The ‘herstory’ of drag: How the art form went from underground to mainstream

Drag has a rich history that started well before RuPaul’s Drag Race exploded onto our TV screens. But where did it all begin?

PinkNews takes you through the ‘herstory’ of drag performance through the ages.

Starting in the 1800s, LGBTQ+ activist William Dorsey Swann is considered to be the first person to call themselves a “queen of drag”. Born in 1858 in Washington DC into slavery and freed after the Emancipation Act in 1862, Swann was known for throwing lavish drag balls with similarities to the modern ballroom scene.

When one of his parties was raided by police – male guests were described by police in 1887 as wearing “corsets, bustles, long hose and slippers” – Swann tried to stand up to them, with historical researcher and journalist Channing Gerard Joseph describing the moment as “one of the first known instances of violent resistance in the name of LGBTQ rights”.

Into the 1930s, drag began popping up in LGBTQ+ bars in secret during an era known as the “Pansy Craze”. At this time in the US, anti-cross-dressing laws were still in place, so queer bars were frequently targeted by police.

By the 1950s, drag became a more mainstream form of entertainment, with the Black Cat Café in San Francisco playing host to several of the era’s popular drag queens, including José Sarria, as headline acts.

LGBTQ+ civil rights protest in 1966. (Bob Parent/Getty Images)

The 1960s marked a turning point for queer liberation, with famous protests like the Stonewall riots in 1969 catapulting LGBTQ+ civil rights into the national conversation. Several drag performers such as Stormé DeLarverie took part in the protests and gained popularity as entertainers.

Drag came even further into the mainstream in the 1970s and ’80s, with John Waters’ cult classic Pink Flamingos released, and the New York ballroom scene becoming wildly popular among LGBTQ+ people of colour as an arena to express their identities.

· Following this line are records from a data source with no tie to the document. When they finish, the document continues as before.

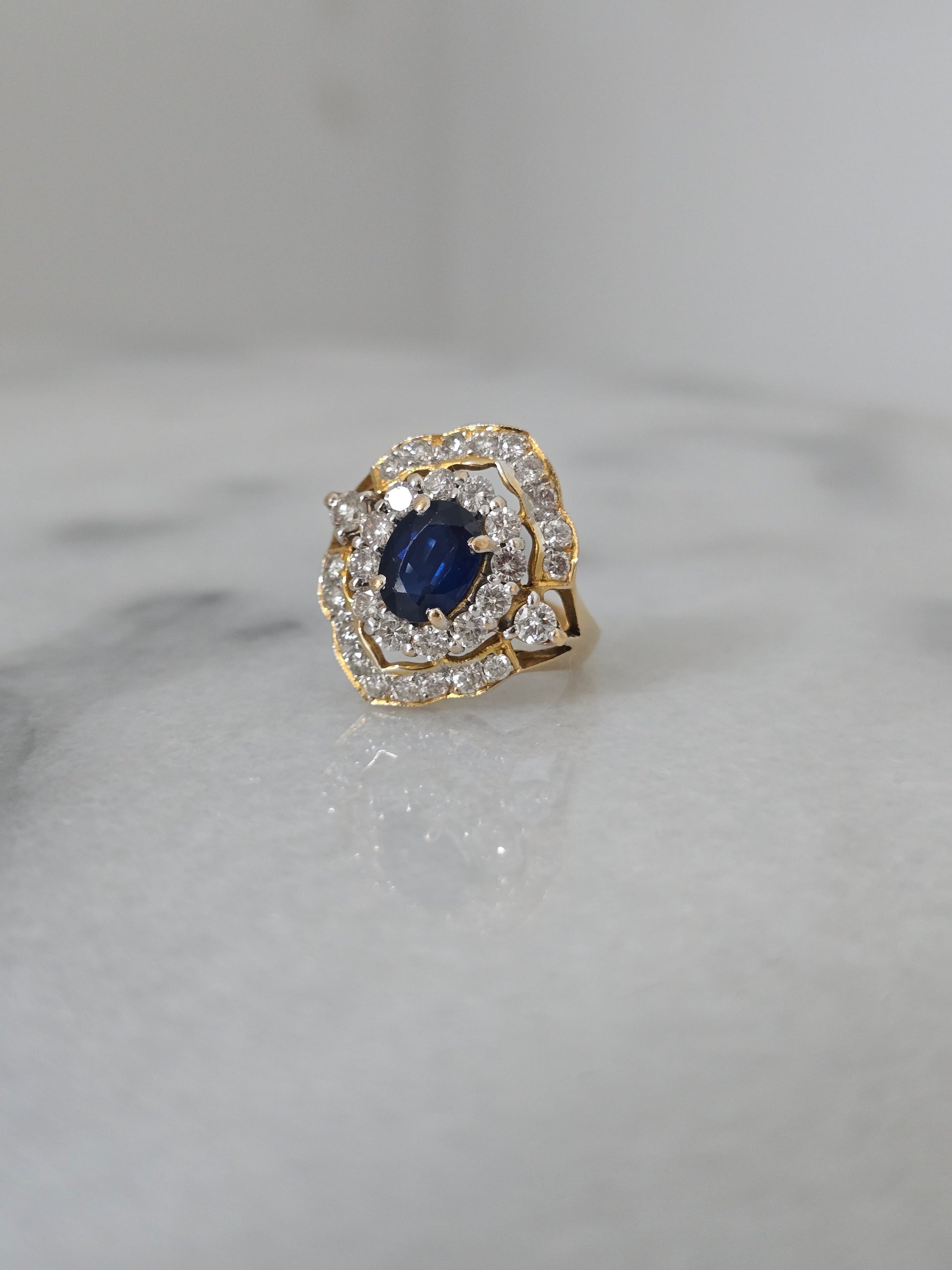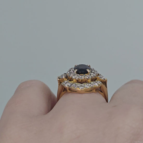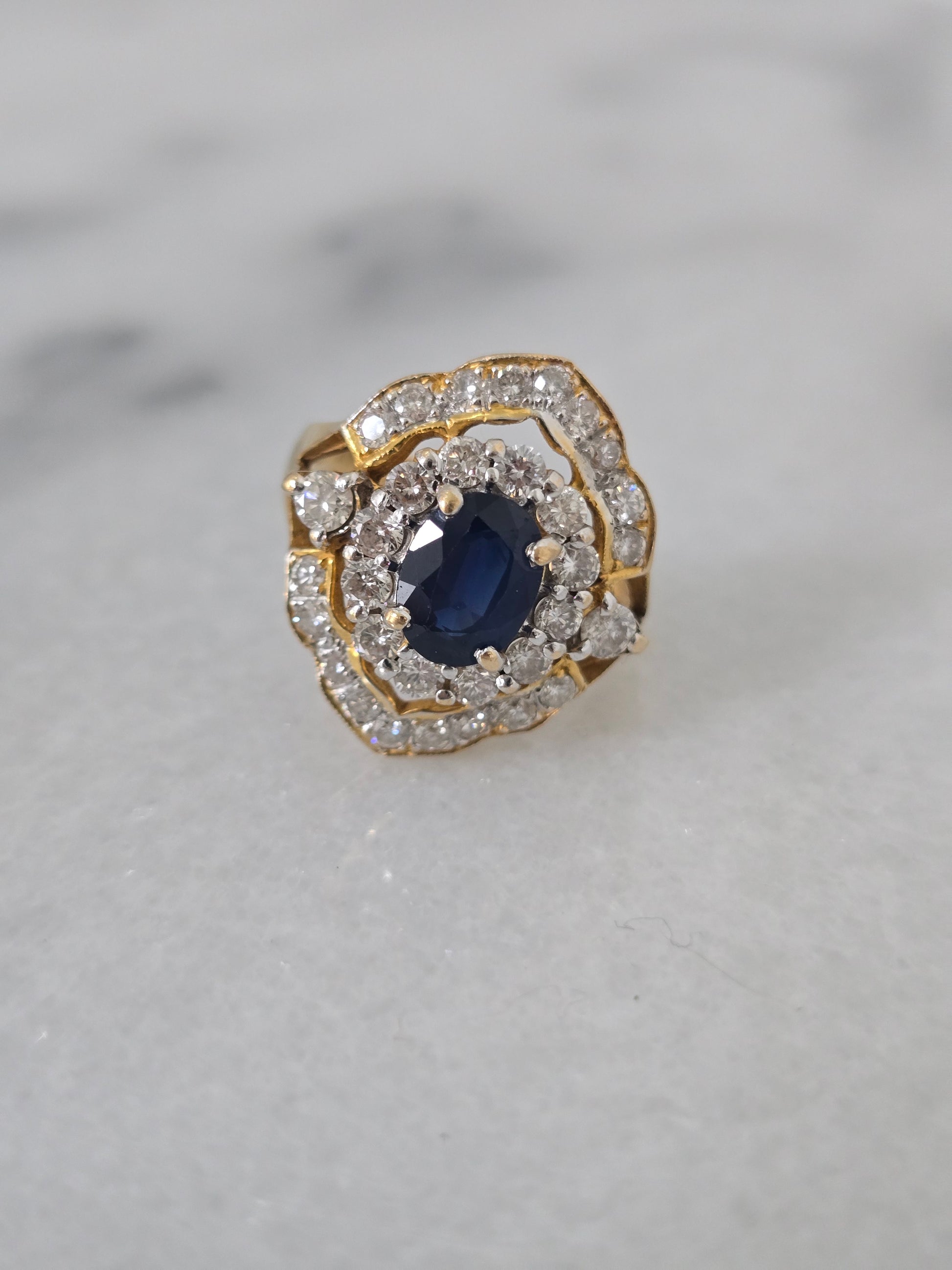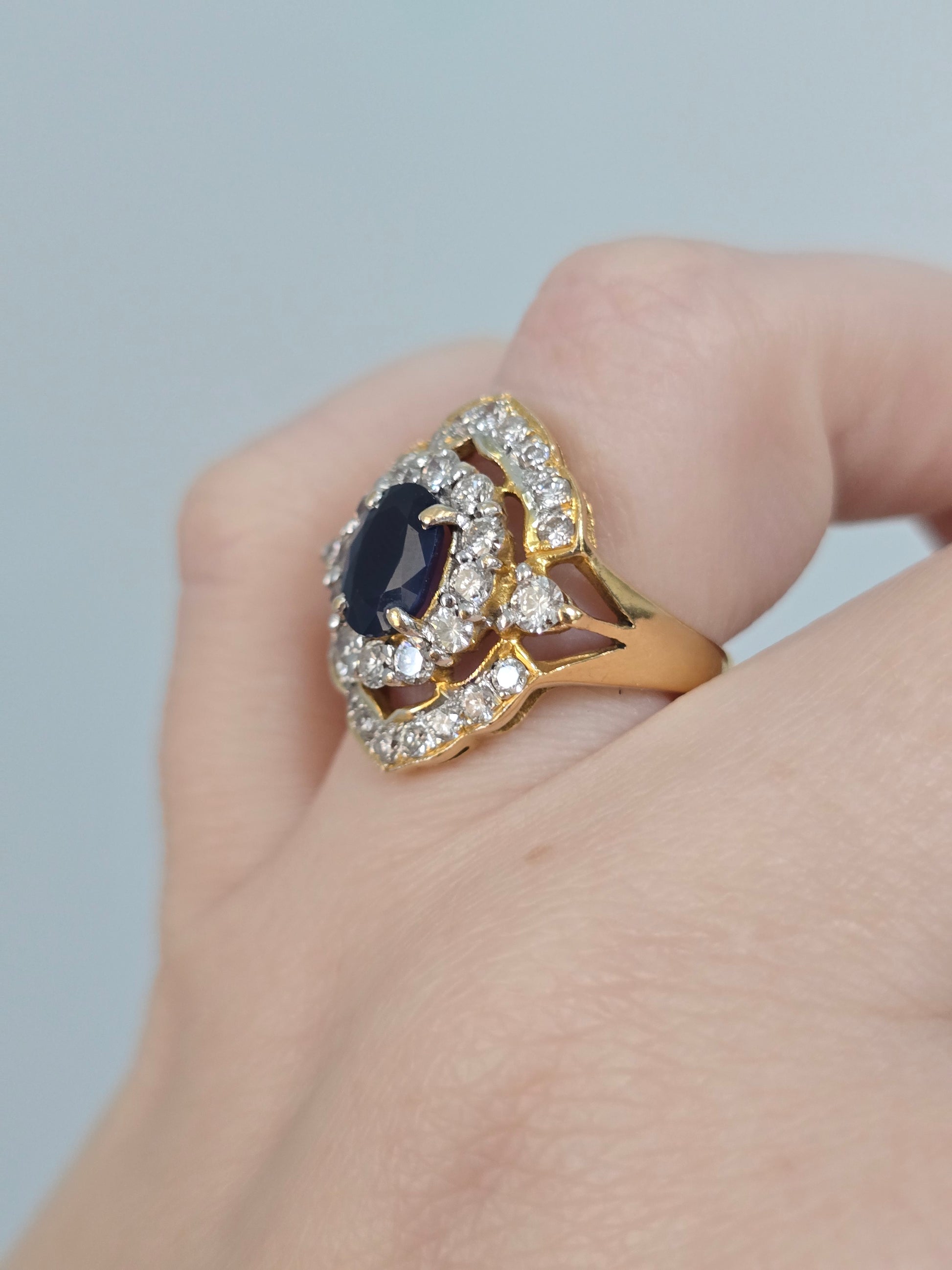 This sapphire and diamond ring is set with an oval cut sapphire of 1.28 carats, within a border of round brilliant cut diamonds totaling 1.60 carats. The ring is 6.6 grams.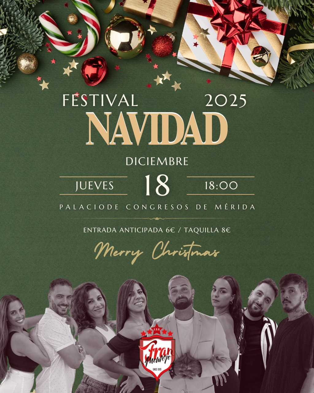 El Palacio de Congresos acoge el Festival de Navidad de la Escuela de Baile Fran Montero el jueves 18 de diciembre, a partir de las 18:00 horas. El precio de la entrada es de 6 euros anticipada y 8 euros en taquilla. A la venta anticipada en la propia Escuela.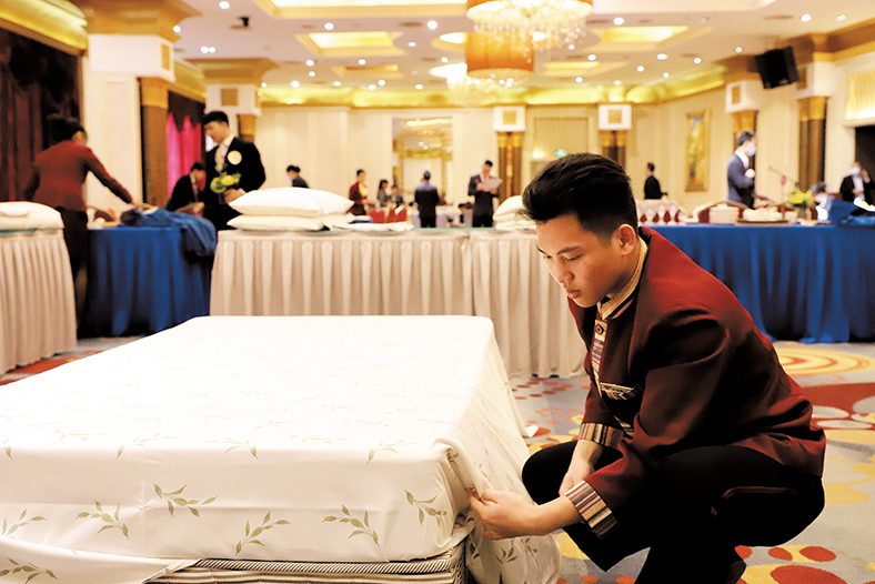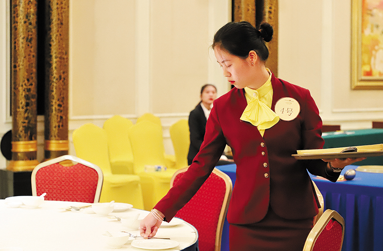 中式铺床、中式宴会摆台、前厅接待等项目选手在比赛中
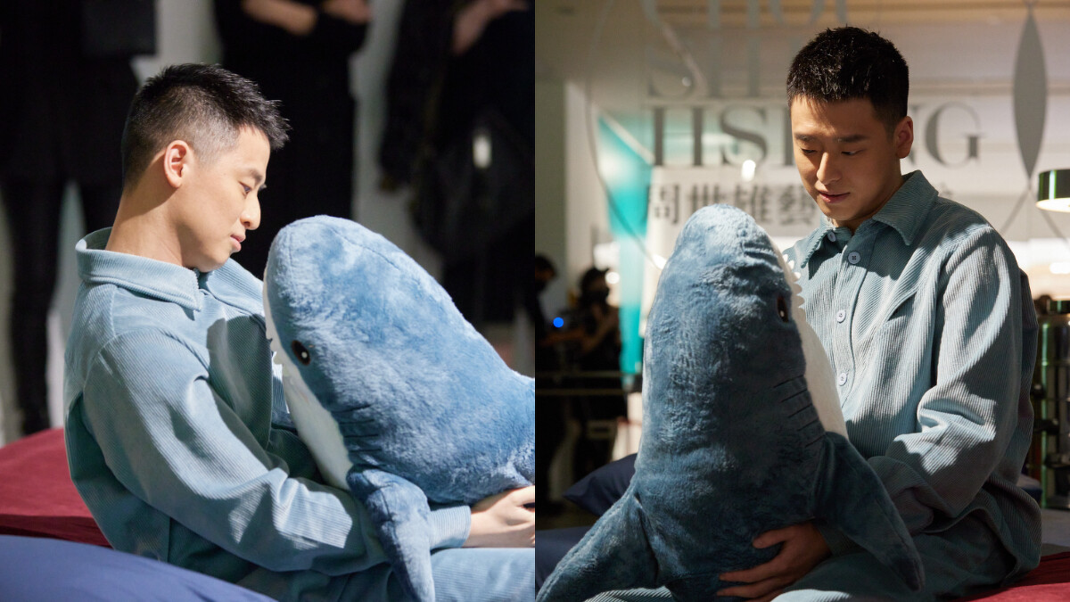 以今年四月就要停產的 IKEA 鯊魚為創作靈感,藉由鯊魚從不睡覺,但大家買它卻是做為睡眠陪伴的消費行為,諷刺地表達人類與動物的關係。作品的物件緊扣海洋元素,藍色象徵「大海與自由」;勃根地紅的毯子象徵「血腥」;虎皮地毯則雙重呼應動保議題,以幽默、童趣的方式,包裝殘酷且哀傷的訊息。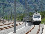 Re 460 028-4, mit einer SBB Personalwerbung, durchfährt den Bahnhof Muttenz. Die Aufnahme stammt vom 10.06.2016.
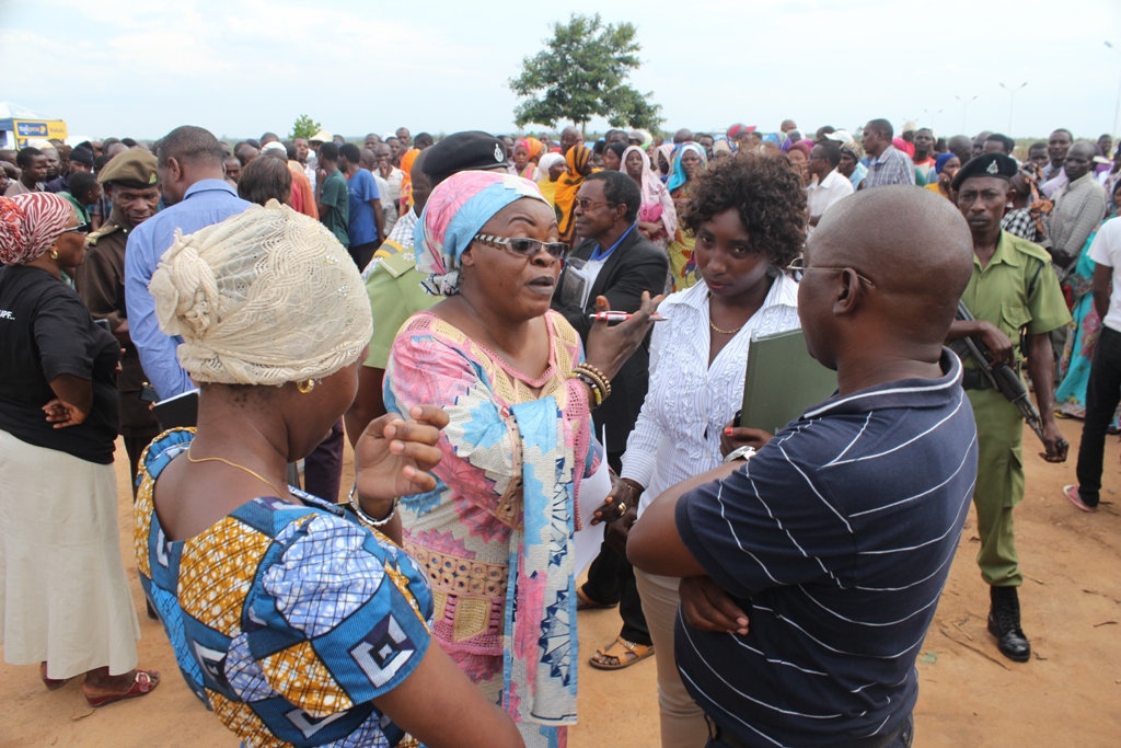 <Mkuu wa wilaya ya Kibaha, Asumpter Mshama akimtambulisha meneja mwajiri wa kampuni ya ujenzi wa reli ya Kisasa ya Yapi Markezi kutoka Uturuki kwa vijana wasotea ajira walioweka kambi yao kijiji cha Soga-Kibaha, Pwani wakati akifanya mkutano nao. Mkuu huyo wa wilaya alifanya ziara hiyo kwa kushirikiana na kamati ya ulinzi na usalama ya wilaya.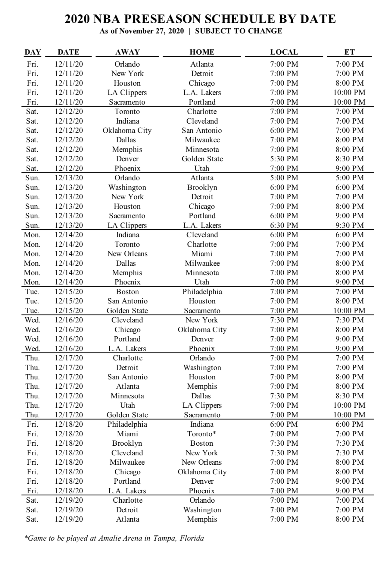 On notera que les Raptors joueront leur premier match à Tampa face au Heat, et ce sera l’Amelie Arena.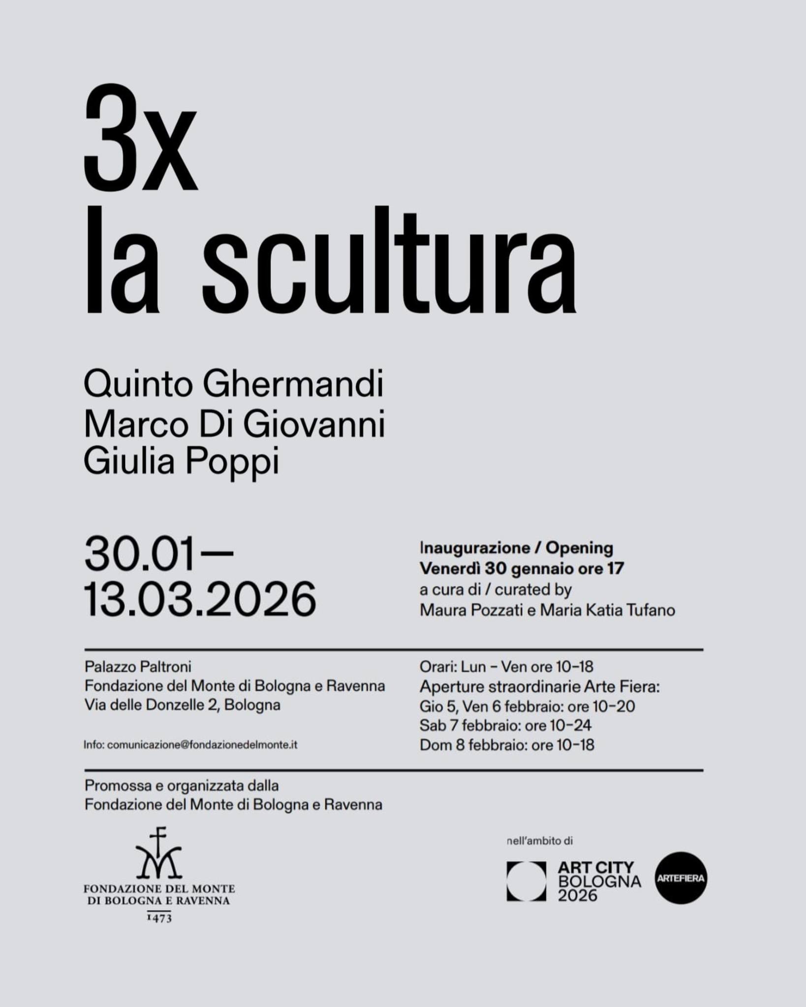 Fino 13 marzo 2026, Fondazione del Monte di Bologna e Ravenna presenta a Palazzo Paltroni la mostra 3 x la scultura: tre modi di “fare scultura” in un unico spazio.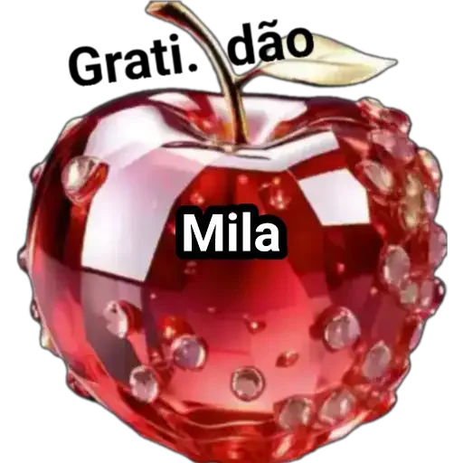 Una manzana roja brillante con gotas de agua, texto 'Grati. dão' y 'Mila' superpuesto.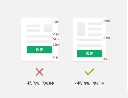 行间距能表明内容之间的层级和从属关系,凌乱复杂的行间距会对用户认知造成较大的困扰。一个页面中,最多使用5种行间距,能少用就尽量少用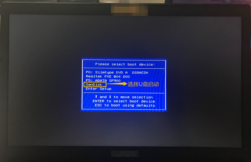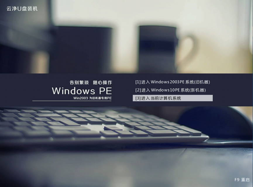 使用键盘的↑↓键选择您接入的U盘,然后按下回车键(Enter)按钮即可进入云净U盘工具菜单选择界面,如下图:

The ballroom circuit is also seen as the birthplace of voguing.

In the 1990s, the iconic RuPaul began to gain prominence as a performer, going on to start the engines of RuPaul’s Drag Race for the first time in 2009, and platforming now-famous queens including Trixie Mattel, Courtney Act, Bianca del Rio, Bob the Drag Queen, Valentina, Shangela, and many more.

And there you have it, a whistle-stop tour through drag ‘herstory’, from Victorian-era balls to RuPaul!